In [1]:
import pandas as pd

DATA = '/kaggle/input/microsoft-stock/microsoft_stock_synthetic.csv'
df = pd.read_csv(filepath_or_buffer=DATA, parse_dates=['Date'])
df['year'] = df['Date'].dt.year
df['month'] = df['Date'].dt.month
df.head()

Unnamed: 0,Date,Open,High,Low,Close,Volume,AdjustedClose,Dividend,SplitCoefficient,DailyReturnPercent,year,month
0,2020-01-01,150.56,150.61,150.01,150.14,7878334,151.2,0.0,1.0,0.09,2020,1
1,2020-01-02,149.83,149.89,149.39,149.64,2780798,150.01,0.0,1.0,-0.33,2020,1
2,2020-01-03,149.32,150.22,148.76,150.03,11714555,151.22,0.0,1.0,0.26,2020,1
3,2020-01-04,151.86,152.53,151.67,151.75,24082477,152.38,0.0,1.0,1.15,2020,1
4,2020-01-05,151.89,153.84,151.13,152.63,43187302,153.35,0.0,1.0,0.58,2020,1


First let's look at the price/volume correlations.

In [2]:
df[['Open', 'High', 'Low', 'Close', 'AdjustedClose', 'Volume']].corr()

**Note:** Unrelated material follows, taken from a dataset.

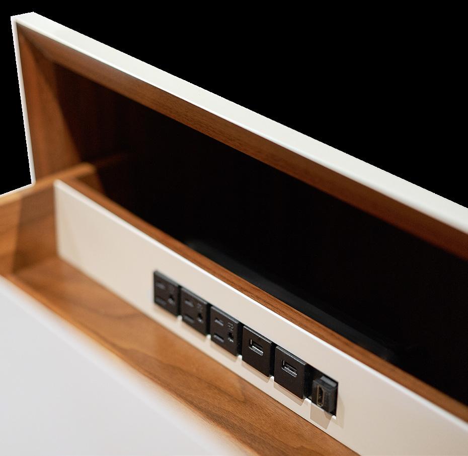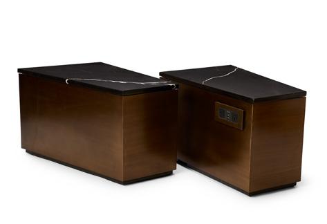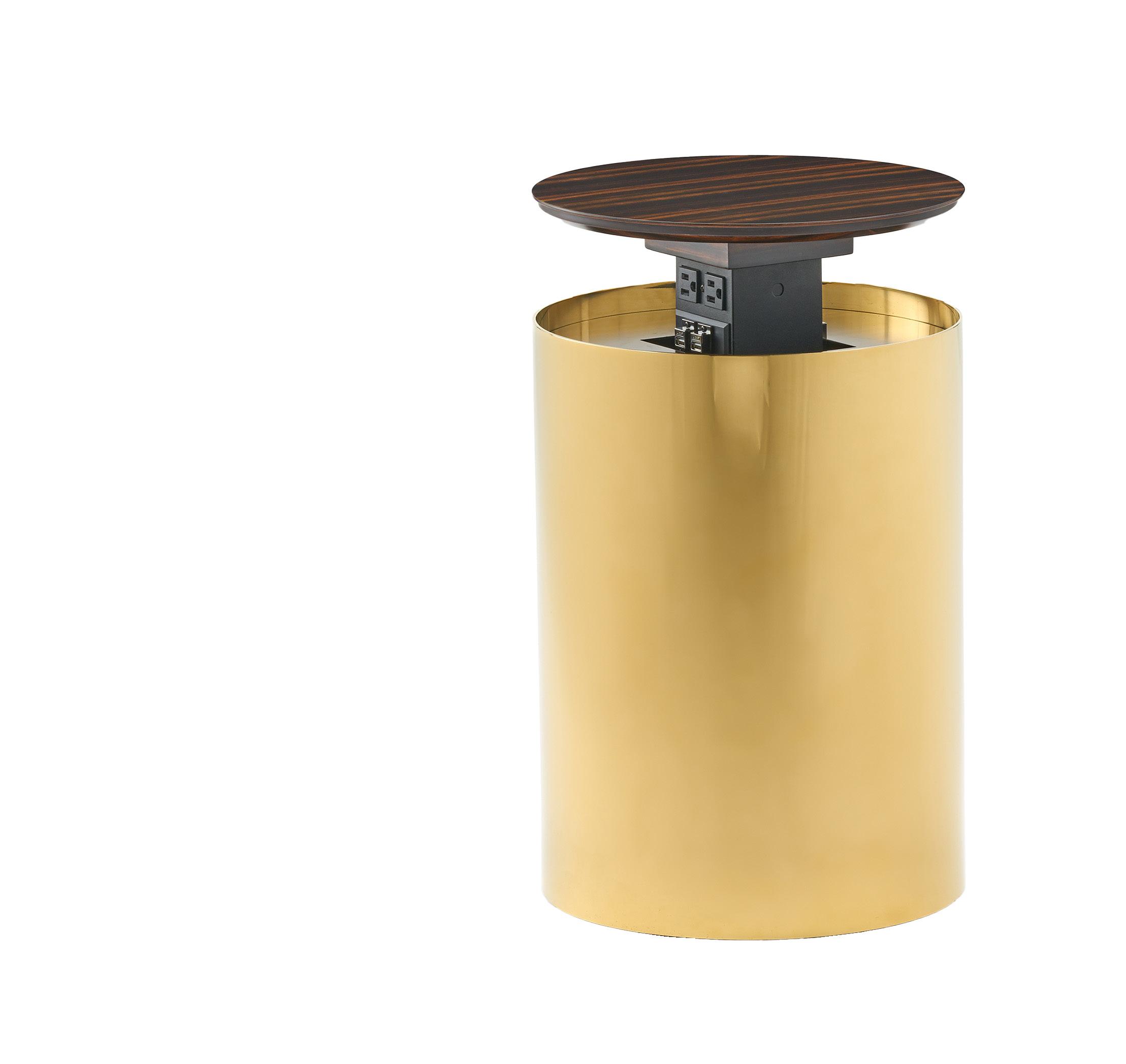 The Powerful Cylinder is constructed of polished brass or stainless steel base and is offered in a variety of quarter-cut wood or stone top finishes that pop up in a fluid vertical motion to reveal a hidden power pocket with multiple three-prong and USB outlets that offer a convenient place to charge multiple devices.
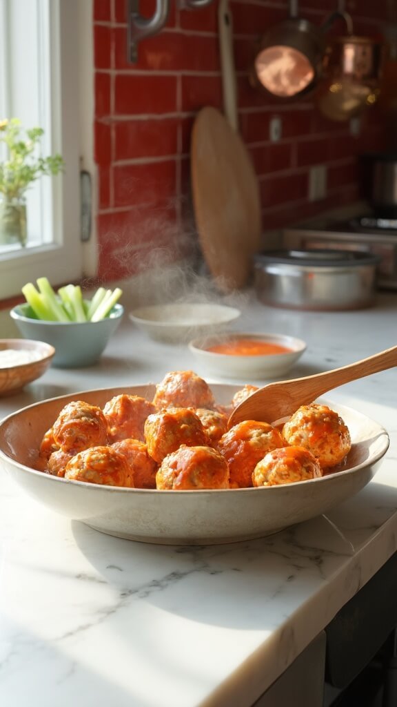 Heat for 2-3 minutes until fragrant. - Gently toss the meatballs in buffalo sauce.

Unnamed: 0,Open,High,Low,Close,AdjustedClose,Volume
Open,1.0,0.998923,0.998881,0.998089,0.987086,-0.051173
High,0.998923,1.0,0.997797,0.998141,0.987062,-0.049765
Low,0.998881,0.997797,1.0,0.998222,0.987184,-0.051307
Close,0.998089,0.998141,0.998222,1.0,0.988703,-0.049996
AdjustedClose,0.987086,0.987062,0.987184,0.988703,1.0,-0.046289
Volume,-0.051173,-0.049765,-0.051307,-0.049996,-0.046289,1.0


What do these correlations tell us? First, none of our prices are perfectly correlated, which tells us that none of them is redundant. Second, we see that prices and volumes are uncorrelated.

In [3]:
from plotly import express
from plotly.offline import init_notebook_mode

init_notebook_mode(connected=True)
express.scatter(data_frame=df, x='Date', y='AdjustedClose', color='year').show(renderer='iframe_connected',)

What do we see? We see that we only have three years of data, and we also see that MSFT has moved up and down quite a bit over the period of interest, but ended up not much changed at the end relative to the beginning. Let's take a look at the volume time series.

In [4]:
express.scatter(data_frame=df, x='Date', y='Volume', color='year').show(renderer='iframe_connected',)

Wow. That data looks a lot like random data. Let's see what its distribution looks like.

In [5]:
express.histogram(data_frame=df, x='Volume', facet_col='year').show(renderer='iframe_connected',)

That looks very random. A not very close look at the data card tells us that this isn't actual MSFT data at all, but synthetic data. That explains how the prices and volume could be uncorrelated; we usually see some correlation (-20 pct or so) for stocks with prices that rise over the long term, but price/volume correlations for stocks over the short term can be unpredictable. 

Let's take a look at the daily return; we expect that to be random even for real stock data, but we expect it to be more Gaussian rather than uniform.

In [6]:
express.histogram(data_frame=df, x='DailyReturnPercent', facet_col='year').show(renderer='iframe_connected',)

This is actually more Gaussian than we would expect daily returns to be, which is another (difficult to prove) clue we're working with synthetic data.